**BRIEF:**
What you return must match the records word for word, except that images are dropped.

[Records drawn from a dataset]

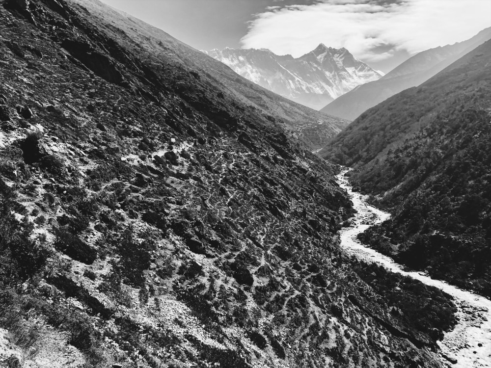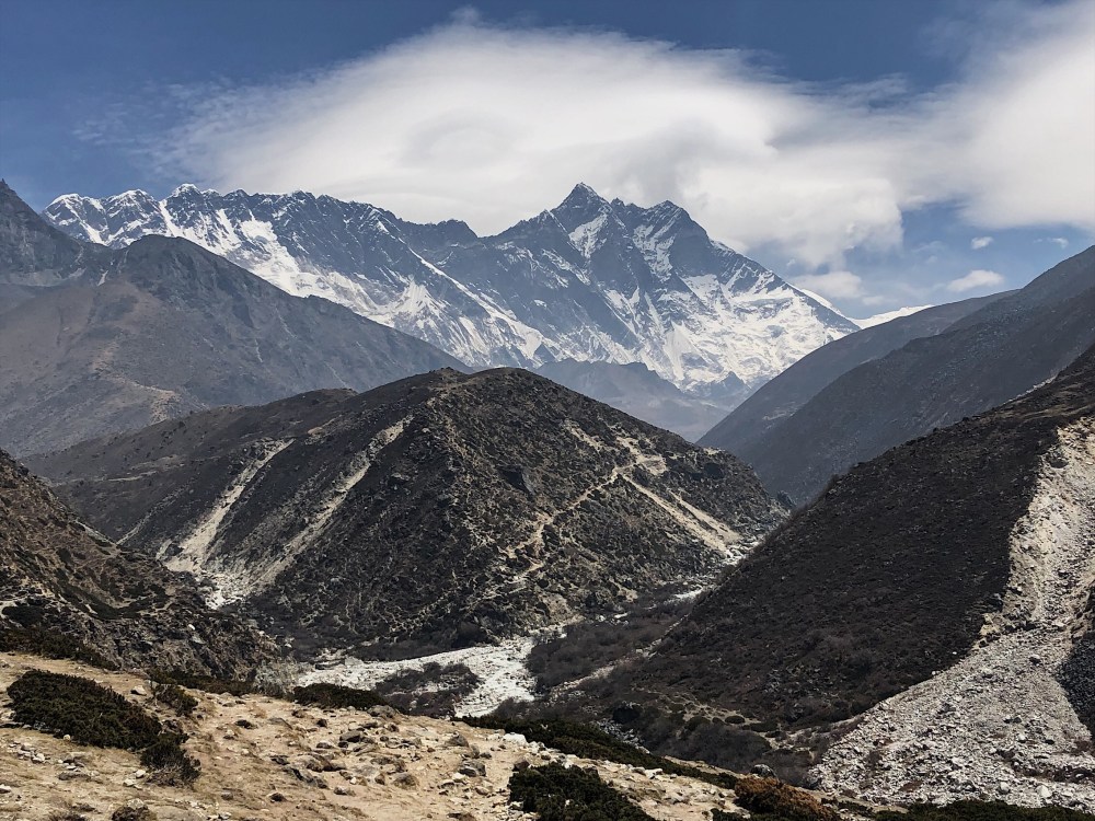 Ve chvili, kdy se blizime k cili nasi dnesni cesty, ukazuje se v plne krase prvni 8ka na nasi ceste. Lhotse (8516m), ctvrta nejvyssi hora sveta a jeji vedlejsi vrchol Lhotse Shar (8393m). Uzasna, majestatni hora si krom brzkeho rana drzi u vrcholku neustale vlastni oblacnost a s ubyvajicim dnem se do ni zahali temer cela jako do hebkeho bileho prosteradla.
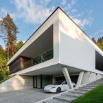 Completed in 2025 by ArchLAB, the Green Terrace House is a masterclass in precision, proportion, and integration with its forested hillside site. The design’s most striking gesture is the cantilever, projecting the main living volume over the driveway and resting on two angled concrete supports. This bold structural move not only shelters the entrance and […]
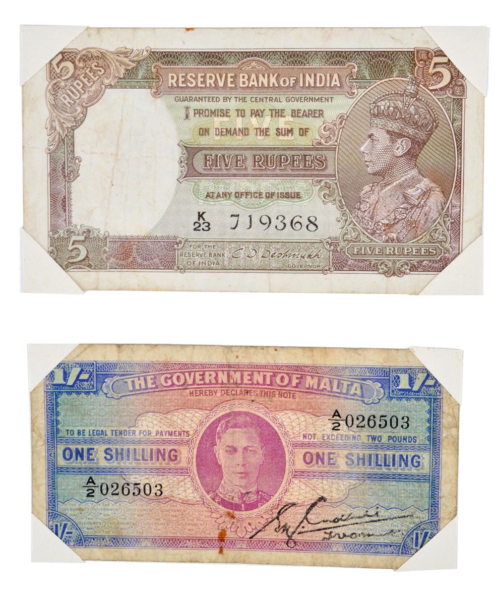 A good collection of banknotes, domestic, Commonwealth and foreign, including: India, Reserve Bank, C.D. Deshmukh, five rupees, K23 719368, very fine; Canada, Bank of Canada, Beattie-Coyne, one dollar, 1954, 'devil's face' variety, TA 3274574, very fine or better; Germany, Wittenberg Prisoner of War Camp, one pfennig, 1st January 1916, very fine or better; and others including Weimar inflationary currency, Russia, and the Channel Isles, in an album, various grades, mainly high. [approx. 180]
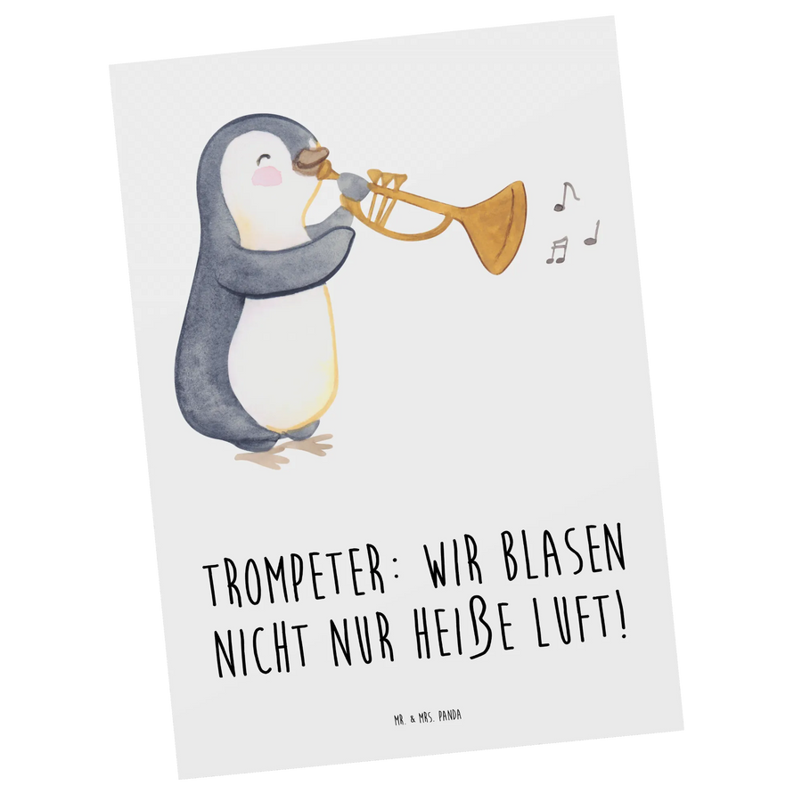 Die einzigartige Postkarte mit dem fröhlichen Trompeten-Motiv von Mr. & Mrs. Panda ist das perfekte Geschenk für alle Musikliebhaber und passionierten Musiker! Egal, ob du einem Freund zu seinem Geburtstag gratulieren, eine Einladung zu einer musikalischen Feier verschicken oder einfach nur 'Danke' sagen möchtest – diese Karte ist immer die richtige Wahl. Mit dem witzigen Spruch 'Trompeter: Wir blasen nicht nur heiße Luft!' bringt sie garantiert ein Lächeln auf die Gesichter der Empfänger!
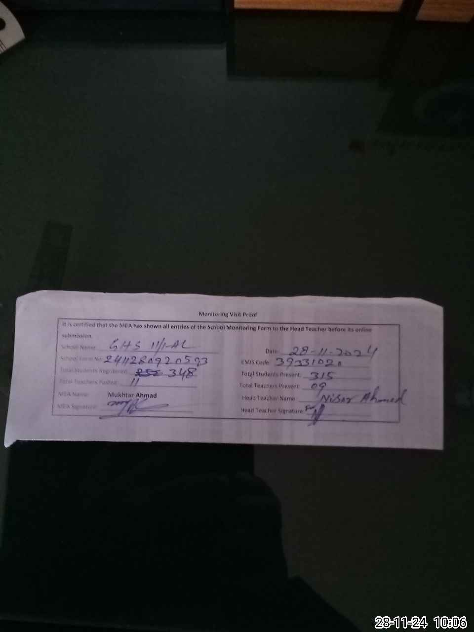 | Attendance Register | Head Teacher | MEA with School | Visit Proof |
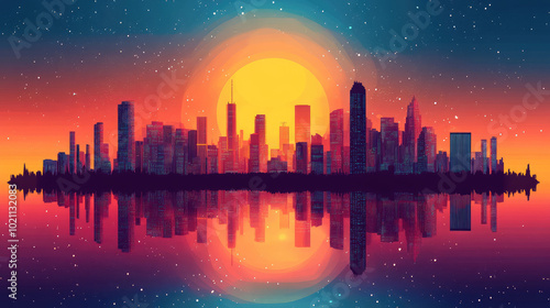 © Konzi Studio, Fototapeta premium Flat vector illustration of a city landscape

**RESPONSE TO THE TASK:**
 Ve chvili, kdy se blizime k cili nasi dnesni cesty, ukazuje se v plne krase prvni 8ka na nasi ceste. Lhotse (8516m), ctvrta nejvyssi hora sveta a jeji vedlejsi vrchol Lhotse Shar (8393m). Uzasna, majestatni hora si krom brzkeho rana drzi u vrcholku neustale vlastni oblacnost a s ubyvajicim dnem se do ni zahali temer cela jako do hebkeho bileho prosteradla.
 Completed in 2025 by ArchLAB, the Green Terrace House is a masterclass in precision, proportion, and integration with its forested hillside site. The design’s most striking gesture is the cantilever, projecting the main living volume over the driveway and resting on two angled concrete supports. This bold structural move not only shelters the entrance and […]
 A good collection of banknotes, domestic, Commonwealth and foreign, including: India, Reserve Bank, C.D. Deshmukh, five rupees, K23 719368, very fine; Canada, Bank of Canada, Beattie-Coyne, one dollar, 1954, 'devil's face' variety, TA 3274574, very fine or better; Germany, Wittenberg Prisoner of War Camp, one pfennig, 1st January 1916, very fine or better; and others including Weimar inflationary currency, Russia, and the Channel Isles, in an album, various grades, mainly high. [approx. 180]
 Die einzigartige Postkarte mit dem fröhlichen Trompeten-Motiv von Mr. & Mrs. Panda ist das perfekte Geschenk für alle Musikliebhaber und passionierten Musiker! Egal, ob du einem Freund zu seinem Geburtstag gratulieren, eine Einladung zu einer musikalischen Feier verschicken oder einfach nur 'Danke' sagen möchtest – diese Karte ist immer die richtige Wahl. Mit dem witzigen Spruch 'Trompeter: Wir blasen nicht nur heiße Luft!' bringt sie garantiert ein Lächeln auf die Gesichter der Empfänger!
 | Attendance Register | Head Teacher | MEA with School | Visit Proof |
 © Konzi Studio, Fototapeta premium Flat vector illustration of a city landscape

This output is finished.